Data extract:

+===+

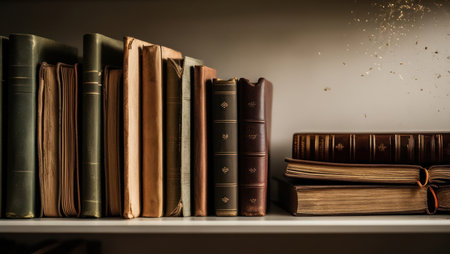 Intricate Histories: Close-Up of Aged Book Covers
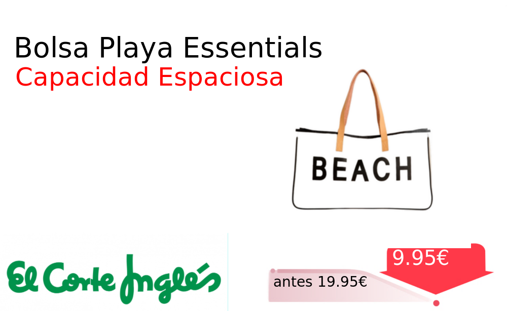 Mitad de precio✂️ Bolsa Playa Essentials❗️🆕 #Elcorteingles 📛Precio Ya 9.95€❗️ (PVP: +19.95€) ✨Bolsa playera de diseño funcional con amplio espacio interior Ideal para llevar tus esenciales de verano a la orilla del mar Fabricada con materiales. cholloya.com/BASICS_PLAYA
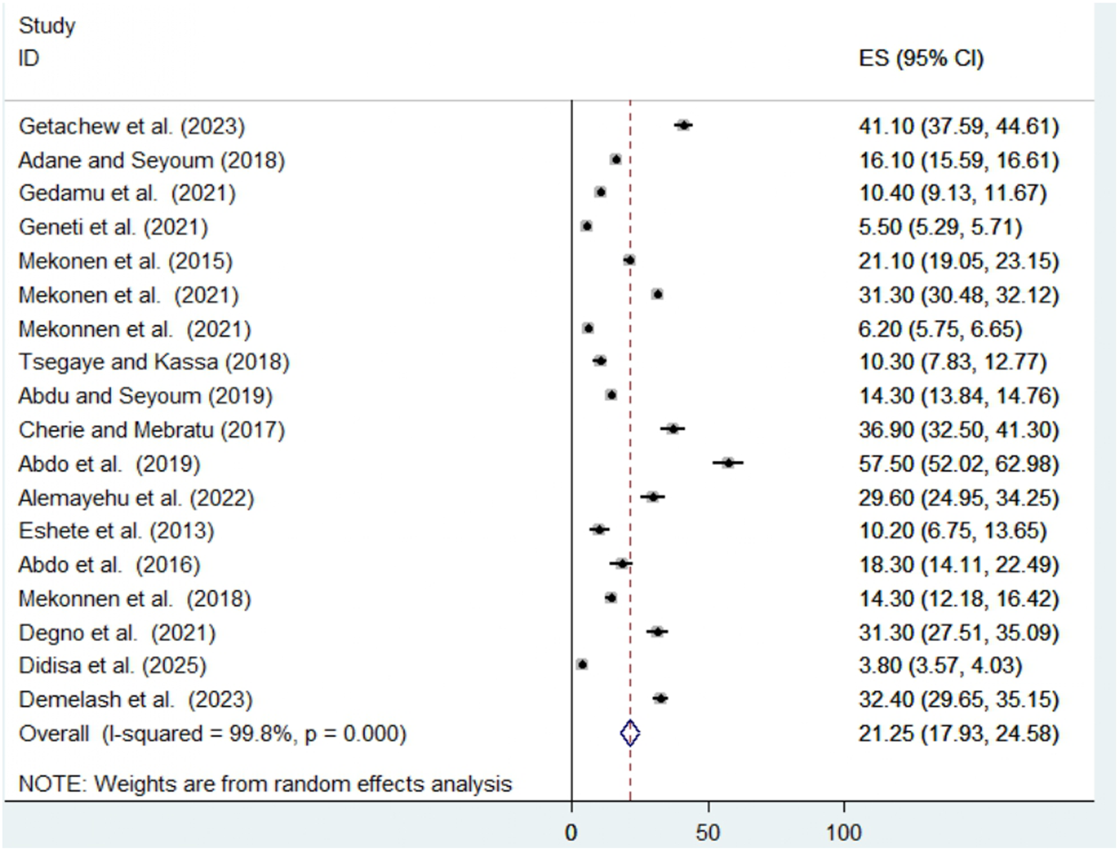 | Demelash et al. [33] | Unpublished | Harar | IBCS | 1,112 | 36 | 32.40 (29.65, 35.15) | 7 | Low risk |

+===+

Task details:
Would you please copy the listing exactly, omitting every picture?

The answer:
 Intricate Histories: Close-Up of Aged Book Covers
 Mitad de precio✂️ Bolsa Playa Essentials❗️🆕 #Elcorteingles 📛Precio Ya 9.95€❗️ (PVP: +19.95€) ✨Bolsa playera de diseño funcional con amplio espacio interior Ideal para llevar tus esenciales de verano a la orilla del mar Fabricada con materiales. cholloya.com/BASICS_PLAYA
 | Demelash et al. [33] | Unpublished | Harar | IBCS | 1,112 | 36 | 32.40 (29.65, 35.15) | 7 | Low risk |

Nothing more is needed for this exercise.